Utilizzai poi una lattina ormai vuota dell'acqua ragia, e
dalla parte dell'imboccatura del tappo v'infilai,
incastrandolo, il tubo del seggiolone visto che era di
misura perfetta, mentre nel fondo della lattina un po'
disassato vi praticai un foro per inserirvi l'altro spezzone
di tubo.
Prima di inserire l'ultimo tubo feci acquistare da mia
moglie al supermercato della paglietta inox, di quella che
non arrugginisce, visto che un po' di condensa il motore
dovrebbe farla e la inserii all'interno della lattina
mettendo poi il tubo.
Per rendere un po' solidale il tubo al fondo della lattina e
per tappare un po' il foro che avevo fatto vi applicai uno
di quei sorreggi tubo utilizzati come appendi abito negli
armadi, guarda caso anche questo si incastrava al diametro
esterno del tubo e con tre rivetti lo fissai al fondo della
lattina.
Non avendo a disposizione una filiera per filettare il tubo,
e renderlo così compatibile con in niples saldato
sulla nuova flangia, mi limitai a cercare di renderlo
incastrabile il più possibile con il niples.

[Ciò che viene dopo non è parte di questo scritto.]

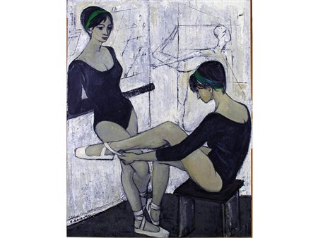 Franco Dacquati (1910-1988) Prima del ballo Olio su tavola Firmato Misure 85x65 cm
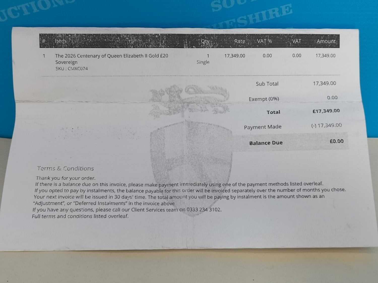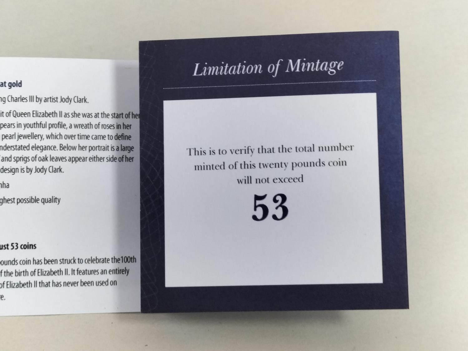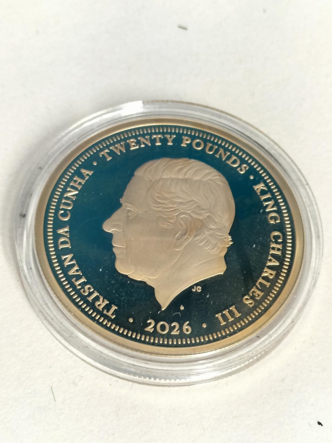 Rare Hatton's of London 2026 King Charles III Tristan Da Cunha 22ct Gold Twenty Pound Coin '100th Anniversary of the Birth of Queen Elizabeth II'. Limited Mint of 53 Worldwide. Weight 2.5oz (70.8 Grams), Cased.
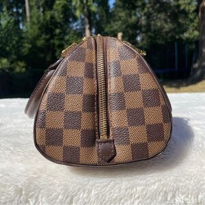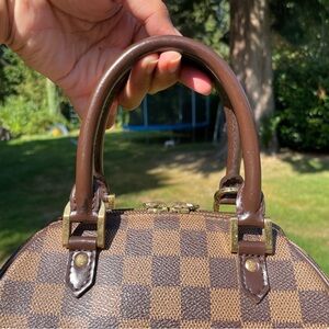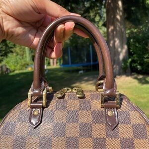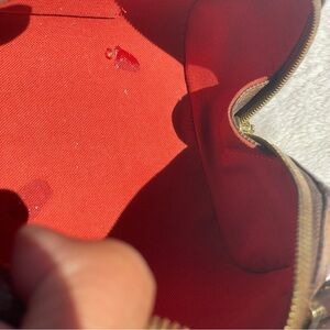 Canvas is vibrant and nice. It has minor rubs, scratches,handle is retouched/recolored by the first owner no cracks. Inside has some stains. Metal hardware has some tarnish.You can put strap to make it a crossbody, hard to find. Still in good used condition.
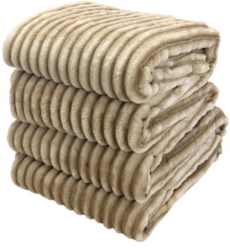 Плед велсофт Полоски 200х220см 100% полиэстер, бежевый
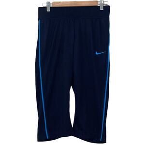 NEW Nike Dri Fit Wide Leg Capri Leggings - Navy w/ Teal Stripe - Size Small
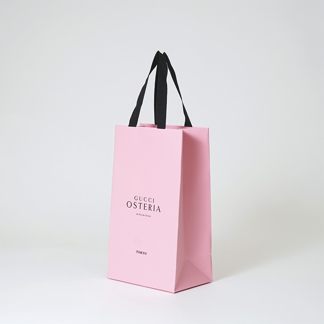 コットンのような質感のリボンをハンドルに使用した、ラグジュアリーブランドが手掛けるイタリアンレストランのオリジナル紙袋

Chiaro che il tutto era precario ma almeno mi avrebbe dato
un'idea sul come procedere. Applicato il tutto al motore mi
resi subito conto che avviato il motore, a parte la
rumorosità al quanto percepibile, il motore dopo poco
che funzionava tentava di spegnersi per mancanza di un
corretto "sfogo".
Iniziarono così i tentativi di far respirare di
più il motore, ma a mano a mano che incrementavo i
numeri dei fori nel primo tubo, proporzionalmente aumentava
il rumore, per questo la cosa non mi era molto gradita in
quanto il mio target era di avere un generatore "abbastanza"
silenzioso.
Fu così che mi recai da un altro meccanico di moto,
sia per vedere di trovare una nuova guarnizione per la
flangia che nel frattempo ormai si era distrutta, e sia per
cercare una vecchia marmitta adattabile allo scopo.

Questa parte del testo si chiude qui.